The CJI said the problem was also a lack of creativity on the part of the bureaucracy to deal with the urgent situation.

“If an emergency is there, you have to act urgently and creatively. If a person has fever, and it is not going down, you have to treat differently... The bureaucracy has to be creative. We cannot induce creativity into your bureaucracy. That is for them to do... Let them act, we will support. What is the point of a 20 or 30-member Commission? It is a burden on the public exchequer,” the CJI said.

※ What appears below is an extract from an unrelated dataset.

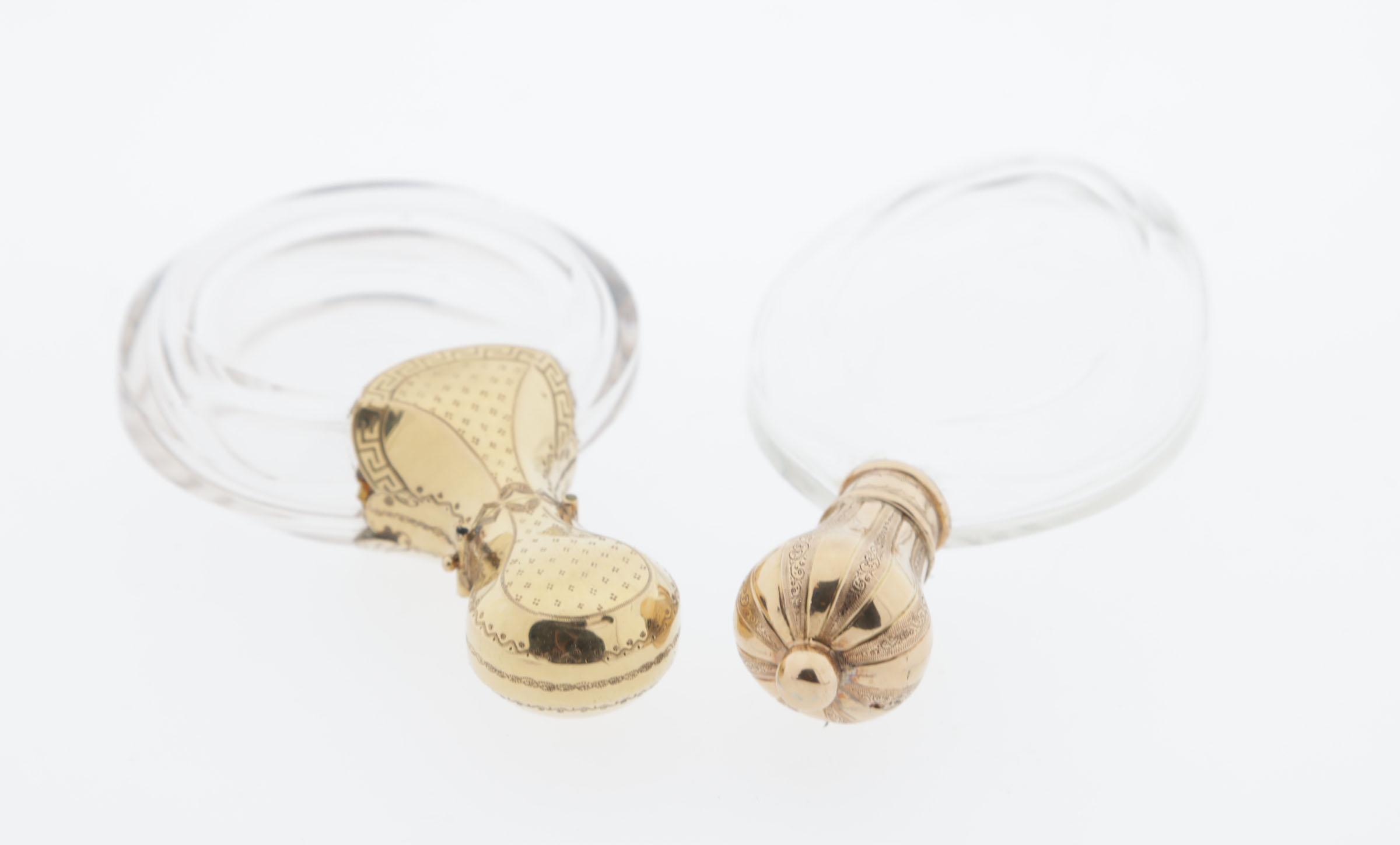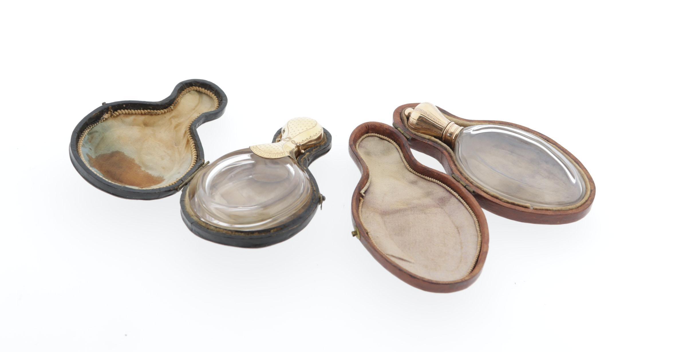 1 crystallen fles in zwart leren foudraal, gouden montuur, gouden binnenstopje, hoogte 8,5 cm, 1 crystallen fles in bruin leren foudraal, gouden montuur en dop, crystallen binnendop, hoogte 10 cm

“Yes, the medicine is not working... Please give me time. Let me speak to the Minister. Let me respond tomorrow,” Mehta requested.

The court asked the Delhi government why schools have opened in the Capital. “Children of classes three and four are going to school early in the morning in the smog... While adults have the ‘work from home’ option, little children have to go to school?” Chief Justice Ramana asked.

Senior advocate AM Singhvi, for Delhi, said schools have given the online option. “If you want, we will close,” Singhvi said.

“Don’t shoot from our shoulders... Who will want to sit at home, you have given them the option. You take a call now,” the CJI responded.

Mehta interjected to clarify that Centre had said that schools would be closed “till further orders”.

Justice Kant said he caught sight of “daily wagers” standing in the middle of the road, some even without masks on, holding placards with about pollution.

“Except popularity slogans, what else is there?” Justice Kant asked.

Singhvi said these were civil volunteers occupied with the task of creating awareness about pollution. They were helping out in public interest.

“Well, somebody has to take care of their helath too...” Justice Kant retorted.

Singhvi said there was both “will and action” on the part of the Delhi government.

Justice Kant asked after the purchase of 1,000 new CNG buses. Singhvi said a total of 8,750 CNG buses were in operation in Delhi. Intensive inspections against polluting sources were on. Vehicles over 10 and 15 years old have been impounded. Around 585 teams have been constituted for dust prevention. However, Singhvi said completion of work on 21 hospitals, half of which to treat Covid-19 cases should be allowed.

“Emergency constructions, we will see,” the Bench noted.

Senior advocate Vikas Singh proposed the creation of “proper, empowered flying squads”. He said “development cannot be at the cost of lives. He objected to an adjournment of the case and sought immediate action.